His activism led to his dismissal in 1963 with the city citing “inefficiency” as the main reason. Jones' initial outrage and leadership inspired his colleagues to organize and take action in the 1968 campaign, which included the famous “I am a Man” signs as a statement of dignity and individual rights, and ultimately led to a better wage and more equal rights for black sanitation workers.
For more information on T.O. Jones and the Memphis Sanitation Workers’ Strike, visit the National Civil Rights Museum’s exhibit “I Am A Man: Memphis Sanitation Strike 1968,”. See also Facing History’s Memphis: Building Community Study Guide or educator’s guide to Eyes on the Prize.
Rabbi James A. Wax served as Senior Rabbi at Temple Israel in Memphis from 1954 to 1978 and took an active role in civic and community leadership serving many organizations throughout the city. Rabbi Wax interpreted the history of Judaism, his Jewish identity, and reformed ideology as cause to protect other persecuted groups through community dialogue and peaceful, non-direct action tactics.
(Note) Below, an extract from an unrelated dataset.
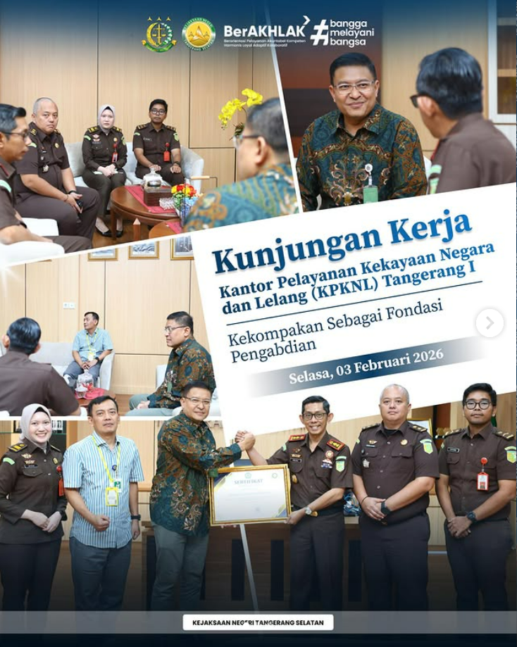 Kepala Kejaksaan Negeri Tangerang Selatan, Apreza Darul Putra, S.H., M.H., menerima kunjungan kerja Kepala Kantor Pelayanan Kekayaan Negara dan Lelang (KPKNL) Tangerang I, Sunu Subroto, dalam rangka memperkuat sinergi dan koordinasi antar-instansi, khususnya terkait pengelolaan kekayaan negara dan pelaksanaan lelang. Dalam kesempatan tersebut, Kepala KPKNL I Tangerang sekaligus menyerahkan piagam penghargaan kepada Kejaksaan Negeri Tangerang […]

This included mediation during the 1968 sanitation workers’ strike as well as marching alongside the African American Interdenominational Ministerial Alliance the day after Martin Luther King, Jr. was assassinated to demand the mayor settle the strike. He also was co-chair of the Memphis Ministers Association, an interfaith group that worked to address poverty and racial inequality. This coalition later became the Metropolitan Inter-faith Association of Memphis (MIFA).